Арабская мебель, как и у всех кочевых народов, в сущности ограничивается одним ковром, которым покрыт пол, и диваном. Фактически «диван» назначается для сидения и складывается из кирпичной лавки, которая идет на протяжении каменных стен; сверху кладется тюфяк, кроется ковром, кладется валик с кистями вместо подушки, и воображает с внешней стороны вид очень схожий с общеупотребительными на данный момент турецкими тахтами. Восток не обожает стульев, и чуть ли они были у арабов. Постель складывается из тюфяка, покрытого простыней, причем летом кладется вторая простыня, которой покрываются, а зимний период ватное одеяло. Сверху усиливают занавесь от комаров и вампиров. Наутро тюфяк свертывается и скрывается в чулан. Столы также не есть нужная мебель на Востоке. Употребляются маленькие столы для письма и мелкие подставки в виде многогранных тумбочек, пестро раскрашенных.

Время от времени Восток придумывал самые нелепые, неосуществимые предметы шикарной обстановки, каковые конкретно ввиду данной нелепости с любовью заимствовались европейцами. В Багдаде был трон, о котором стоит упомянуть; слава о нем была так громадна, что император Феофил (Византийский) поручил математику Льву соорудить для себя совсем такой же. До нас дошло описание данной нелепости, которой уже обладал Константин Багрянородный. «Перед царским троном, — обрисовывает один из представлявшихся этому императору, — пребывало позолоченное дерево, на ветвях которого сидели позолоченные птицы и пели на различные голоса. Перед троном, как будто бы на страже, находились золоченые львы, каковые били хвостами по полу, издавали гул, разевая пасть и шевеля языком. Меня ввели два евнуха в тронную залу. Когда я вошел, львы зарычали, птицы зачирикали. Я не испугался и не удивился: я уже был предотвращён об этом через сведущих людей; по окончании того как я, поклонившись в третий раз земным поклоном, поднял голову, царь был практически на потолке, в то время как при моем входе он сидел весьма невысоко; и платье на нем уже было второе; как это произошло — осознать не могу, но полагаю, что его подняли кверху при помощи для того чтобы механизма, что практикуется для выжимания винограда. Царь сейчас ничего не сказал, да если бы желал, то чуть ли бы это было допустимо ввиду той высоты, на которой он был».

По большому счету роскошь царских приемов у арабов хороша замечания и полна того же сказочного комфорта, что им был свойствен. При праздничных приемах послов халифы умели устраивать самую пышную помпу; по обеим сторонам дворца расставлялось войско в числе ста шестидесяти тысяч; у входа находились высшие сановники, невольники с золотыми перевязками, усыпанными драгоценными каменьями; потом следовали четыре тысячи белых евнухов и три тысячи тёмных. Число стражей-привратников было до семисот. Тридцать восемь тысяч громадных стенных ковров украшали дворец. Сто львов ходило на золотых цепях по помещениям, а в приемной зале восседал халиф на том троне, что так понравился Феофилу.

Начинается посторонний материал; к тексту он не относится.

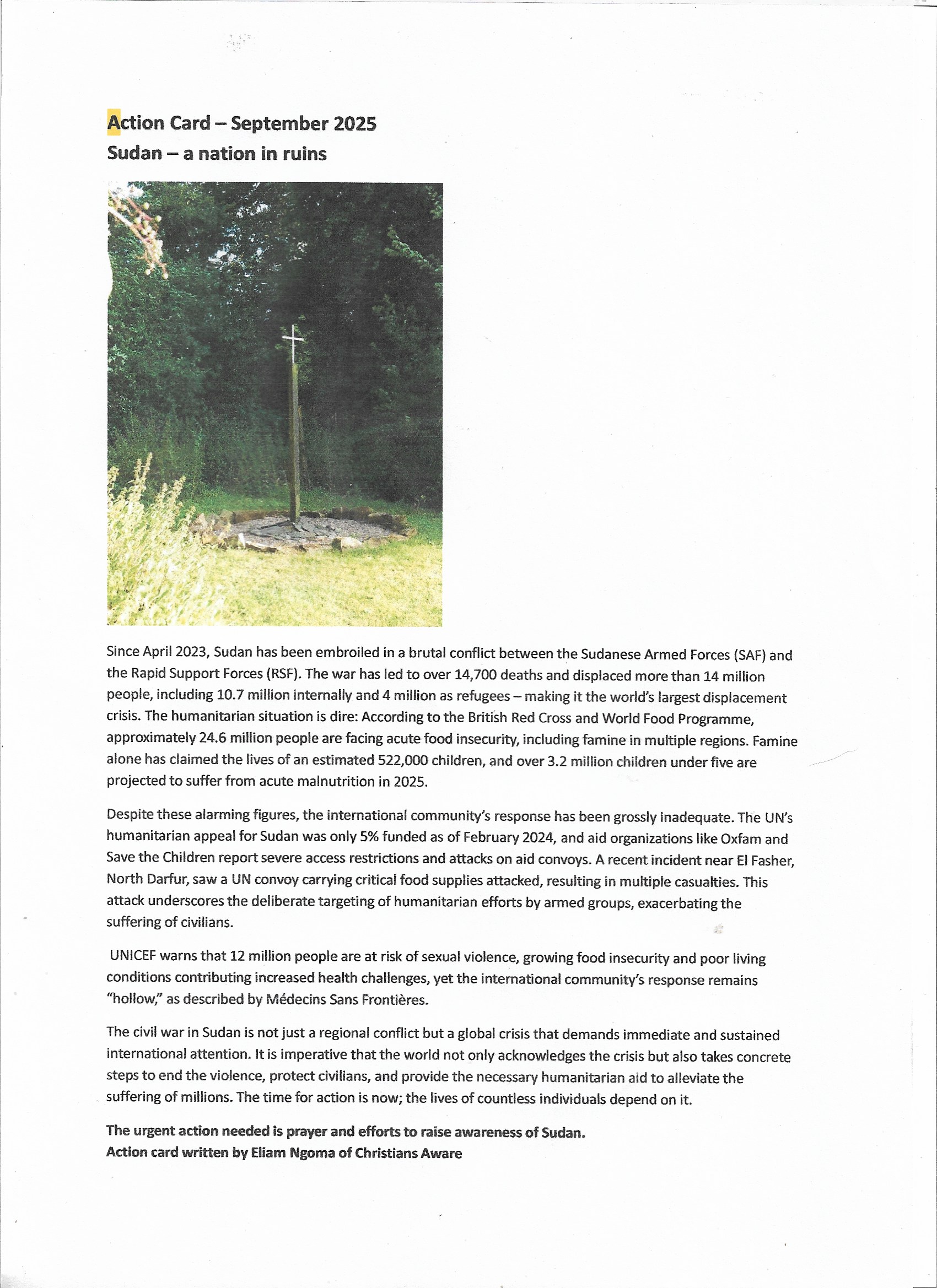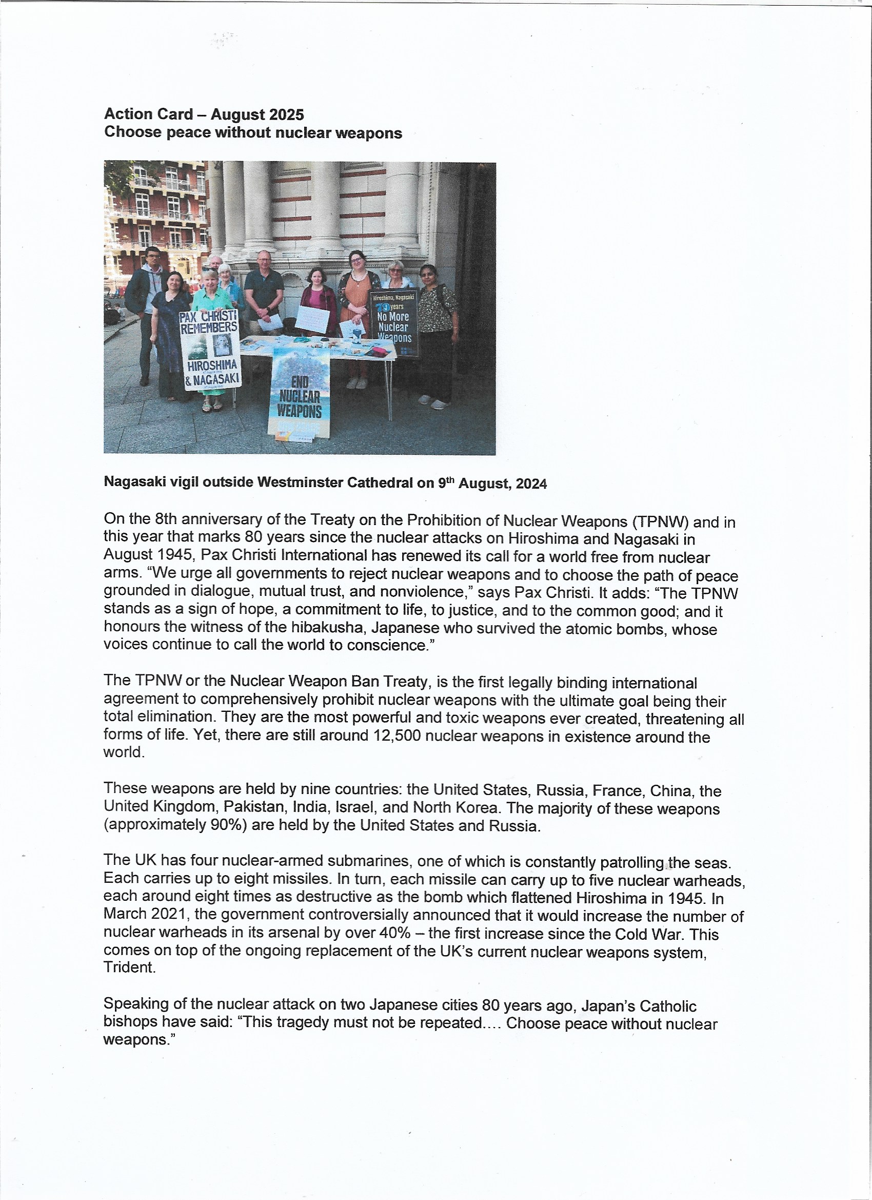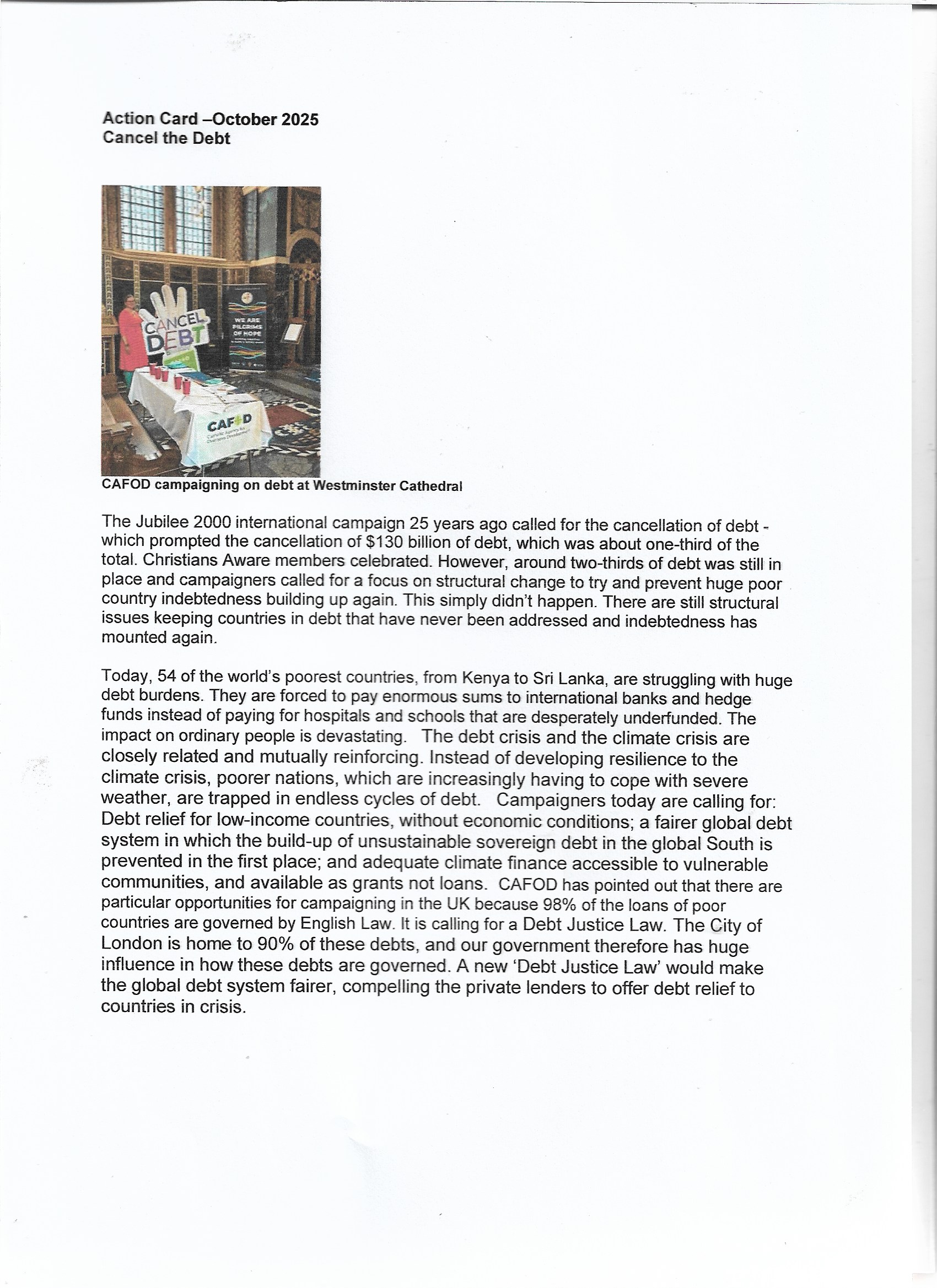 This action card was prepared by Ellen Teague of the Columban Justice, Peace and Ecology Team. https://columbans.co.uk/update/justice-peace/

Влияние мавров на европейское зодчество было очень существенно.

Глава восьмая

Российская Федерация

Предстоящее развитие христианства в Европе

Влияние на славян Грузии и Византии. — Киев. — Владимир. — Суздаль. — Москва. — Иконография. — Одежда

самые точные сведения о славянах мы встречаем у арабских писателей Масуди и Ибн-Фадлана. «Громадна их область, — говорят они о болгарах, — от Византии до почвы их 15 дней пути, а сама страна тянется на 20 дней пути в ширину и на 30 в длину. Она окружена колючим плетнем с отверстиями в виде окон. Они язычники; у них нет письменности. Их кони на свободе пасутся по лугам и употребляются лишь на протяжении войны; а кто сядет на лошадь в мирное время, того предают смерти. У них нет ни золотых, ни серебряных монет: разменной платой помогает овцы — и скот коровы. Они ездят в Византию для детей и продажи девиц. В случае, если раб у них в чем-нибудь провинится и господин желает его бить, раб сам ложится перед ним, и в случае, если поднимется, перед тем как кончится экзекуция, его убивают».

«Ни при каких обстоятельствах мы не видели, — пишут они о руссах, — людей более стройного телосложения, — они высоки, как пальмы, румяны, волосы у них рыжие. Приятели носят одежду на одном плече, так что правая рука постоянно остаётся Свободной. Дамы носят на груди нож и ящичек на кольце, золотые и серебряные цепи, кораллы и бусы. Руссы самый нечистоплотный народ; в то время, когда они приходят на собственных судах в иноземный торговый пункт, их живет человек десять либо двадцать совместно, в одном доме, в одной комнате. Они не хорошо моются; едят хлеб, мясо, чеснок, мёд и молоко. У них имеется собственный всевышний — чурбан, перед которым они простираются на землю и говорят: «Господи, издали пришел я, привез столько-то и столько-то мехов и рабынь; молю тебя отправить мне клиента богатого, что бы на серебро и чистое золото приобрел у меня, не торгуясь, товар мой». В то время, когда дела его идут отлично, он приносит жертвы мелким изваяниям около главного идола, говоря: «Это отечественного всевышнего жены и дети». Он вешает в признательность на колья головы овец и быков, за ночь их съедают собаки, а наутро русс радуется, что всевышний покушал, говоря: «Благоволит ко мне господь, он принял мою жертву». В случае, если поймают у них вора, его вешают на прочной веревке на дерево и оставляют висеть, пока дождь и ветер не размоют разложившийся труп».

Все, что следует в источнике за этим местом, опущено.